An additional very important note is that we need to make sure that Grafana has access to its Prometheus instance. If you’re using your own Prometheus instance (as you should!) you’ll need to verify this for your own environment. Since we’re using the one installed by Linkerd Viz, we can install a Linkerd AuthorizationPolicy that allows access from Grafana’s ServiceAccount to the prometheus-admin Server that’s created by Linkerd Viz:

apiVersion: policy.linkerd.io/v1alpha1
kind: AuthorizationPolicy
metadata:
  namespace: linkerd-viz
  name: grafana
spec:
  targetRef:
    group: policy.linkerd.io
    kind: Server
    name: prometheus-admin
  requiredAuthenticationRefs:
    - kind: ServiceAccount
      name: grafana
      namespace: grafana

(This YAML is linked from the docs at https://grafana.com/orgs/linkerd.)

Once that’s done, we should have a functioning Grafana! While you can use port forwarding to get access to the Grafana directly, it’s much simpler to connect it to Linker Viz and just use links shown on the Linkerd Viz dashboard. To make that happen, we’ll rerun linkerd viz install to connect it with Grafana:

linkerd viz install --set grafana.url=grafana.grafana:3000 \
  | kubectl apply -f -
kubectl rollout status -n linkerd-viz deployments

Reload the Linkerd Viz dashboard and go back to the “Namespaces” display. Now you’ll see little Grafana icons on the right of the dashboard:

Click on the Grafana icon at the right of the “sock-shop” namespace and you’ll see a Grafana dashboard showing statistics for that namespace! Though a full discussion of everything Grafana brings to the table is out of scope for this blog, the dashboard is a great way to get a quick overview of how your application is performing.

Enhanced monitoring with Buoyant Cloud

There’s also Buoyant Cloud, a paid dashboard from the creators of Linkerd, which automates Linkerd and provides users with deep insights into the health of Linkerd and the behavior of the applications.

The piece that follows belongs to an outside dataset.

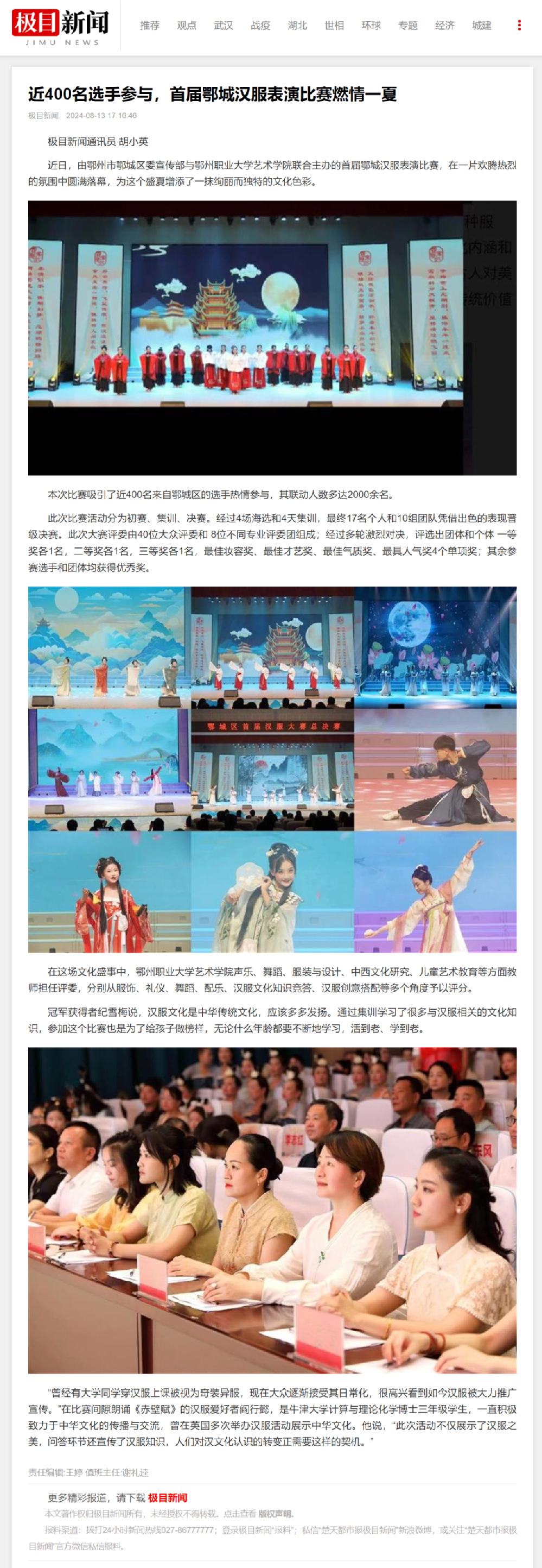 极目新闻、今日头条——近400名选手参与,首届鄂城汉服表演比赛燃情一夏

Its free tier makes it easy to try out (see https://buoyant.io/cloud), It’s fully hosted and can be used by multiple users, and it provides a simple cross-cluster view.

Summing it up

We deployed the Sockshop app, a demo application with multiple microservices, and meshed all services. We used Viz, Linkerd's default application tool, to see application success rate and latency for each service within each pod. Viz is a great tool for dev environments, but if you're running in production, you'll need a more powerful monitoring tool, which is why Linkerd metrics are based on Prometheus: any of the great tools in the Prometheus ecosystem (like Grafana) are straightforward to set up to use Linkerd metrics directly. In our case, we installed Grafana and used the freely-available Linkerd Grafana dashboard to get great visualization easily and quickly. (Just remember: in production, install your own Prometheus instance!)

Prometheus and Grafana give you powerful open-source monitoring tools for your whole environment, and for deeper, cross-cluster data, you can use the free tier of Buoyant Cloud or the paid version for additional enterprise features.